Французский писатель Поль Валери сказал: «Понимание есть, в сущности, не что иное, как уподобление. То, что ни на что не похоже, тем самым непостижимо».
Мне мешает понять и изобразить бабушку Сарыбаш то обстоятельство, что она ни на кого не похожа. Если бы ее изображал на своем холсте художник итальянского Возрождения, он все внимание уделил бы ей, а горы, пастбища и небо расположил бы за ее спиной, как декорацию, как фон, но это не передало бы сущности бабушки Сарыбаш. Местность — это не фон и не декорация, это часть ее самое. Она вместе с лошадью и вместе со стадом молодняка, которое пасет, органически вписана в край. Луга и горы — это ее продолжение, как в эпосе или в стихотворении.

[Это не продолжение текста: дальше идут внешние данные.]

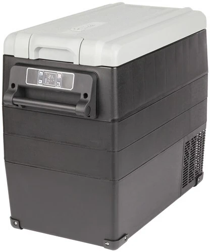 55L Rovin Portable Fridge with Bluetooth • Digital Control Panel • Bluetooth • Both 12/24V & 240V mains power supplies included Boasting 55 litres of internal cooler space, this portable compressor refrigerator can provide temperatures down to -20°C. Supplied with both AC and DC power leads you can use it at home or while traveling. Pair its built-in Bluetooth with your smartphone and have complete control of your temperature while it’s in your boot. Other features include digital temperature controls, a reliable compressor, and a sturdy hard plastic shell that will keep it in shape even on the bumpiest of rides. It comes with a 2-year warranty for peace of mind. Features: • 55L capacity • -20°C to + 20°C • Dual Zone Fridge / Freezer • Removeable internal Basket • Heavy Duty Handles (for tying down on fridge slides etc) • Internal LED light • High efficiency: Max or Eco settings • Smartphone app control via it’s built-in Bluetooth • 12/24VDC power adaptor included • 240V mains adaptor included • 3-Stage Low Battery Cutout • 2 Year Warranty Specifications: Power Consumption : 45.0W (up to 3.8amps @ 12 volt) Dimensions: 69cm x 34.5cm x 54.4cm Weight (net): 12.1kg Refrigerant: R134a Internal Fuse: 15amp Built-In Bluetooth. Requires Rovin Fridge app from iTunes App store (Apple Devices) or Google Store (Android Devices) What’s in the Box: 1x 55 Litre Portable Compressor Fridge / Freezer 1x Internal (removable) Basket 1x DC Power Cord 1x AC Mains to DC Power Cord 1x Instruction Manual Protective Insulated Cover is available as an optional extra. Please note due to it’s size freight charges apply at the checkout. (GH2240)
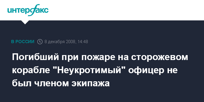 Москва. 8 декабря. INTERFAX.RU - Офицер Балтийского флота, погибший во время пожара на сторожевом корабле "Hеукротимый", не входил в экипаж корабля, заявили "Интерфаксу" в понедельник в штабе флота.
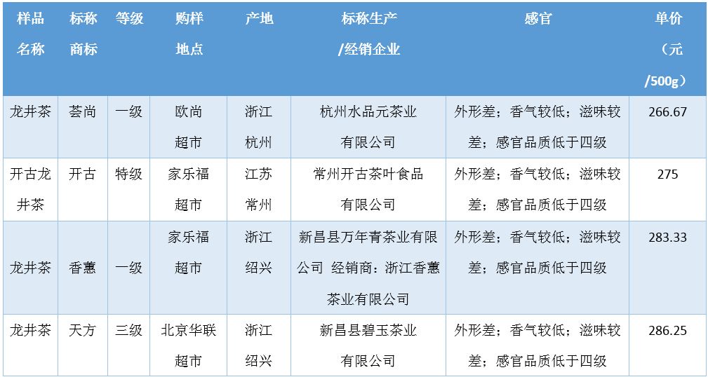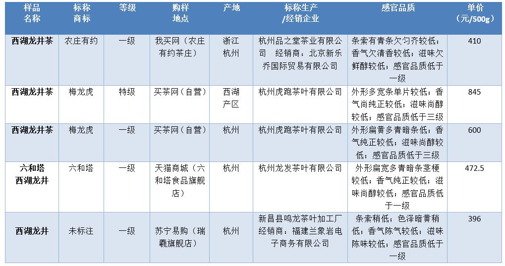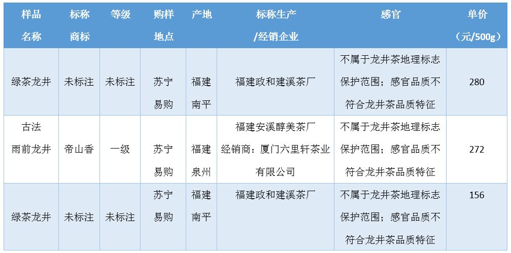 除了标称为西湖龙井茶的样品外,还有24个样品标称为龙井茶。经测试,11个样品感官品质明示与实测不符,其中有3个龙井茶为假冒龙井茶。
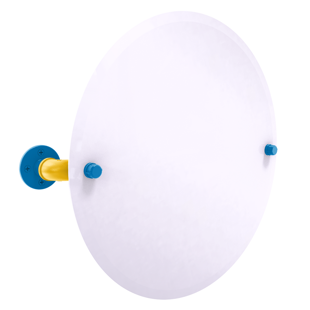 Gridiron Collection Frameless Round Wall Mounted Tilt Mirror Los Angeles Blue and Gold Edition
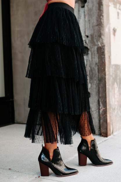 Take A Bow Tiered Tulle Midi Skirt (Black)
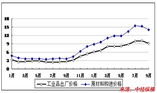 生产资料价格涨幅高位回落。9月份,流通环节生产资料价格比上月下降2.4%,已连续2个月环比下降;同比上涨17.5%,涨幅比上月回落5个百分点。工业品出厂价格同比上涨9.1%,比上月回落1个百分点;原材料、燃料、动力价格上涨14%。

Впервые книгу Поля Валери я увидел в 1935 году в Хабаровске, на письменном столе дальневосточного писателя Елпидифора Иннокентьевича Титова. В Титове текла тунгусская кровь, но, кроме русского и тунгусского языка, он отлично знал французский и английский.
Поль Валери оказался тем силовым полем, той точкой, на которой пересеклись наши сознания и состоялось наше знакомство. От тунгусского фольклора, которым интересовались и Титов и я, вдруг протянулась нить в Париж, где жили Леви-Брюль и Валери — интереснейшие мыслители тогдашней Европы.
Поль Валери был влюблен во всеохватывающий ум Леонардо да Винчи. Ко всем явлениям сознания и бытия он относился как к загадкам, ключ от которых хранится в универсальном мышлении. Валери оказался не только великим поэтом и эссеистом, но и мыслителем естественнонаучного типа, предшественником семиотики, кибернетики и многих других наук.
В тридцатых годах мой ум занимало первобытное мышление, и я изучал труды знаменитого французского ученого Леви-Брюля. В наши дни Леви-Брюля сменил Леви Строс, лидер структурализма. Но тогда еще структурализм не существовал.
Леви-Брюлем интересовался Эйзенштейн, когда создавал свою теорию кинематографического монтажа.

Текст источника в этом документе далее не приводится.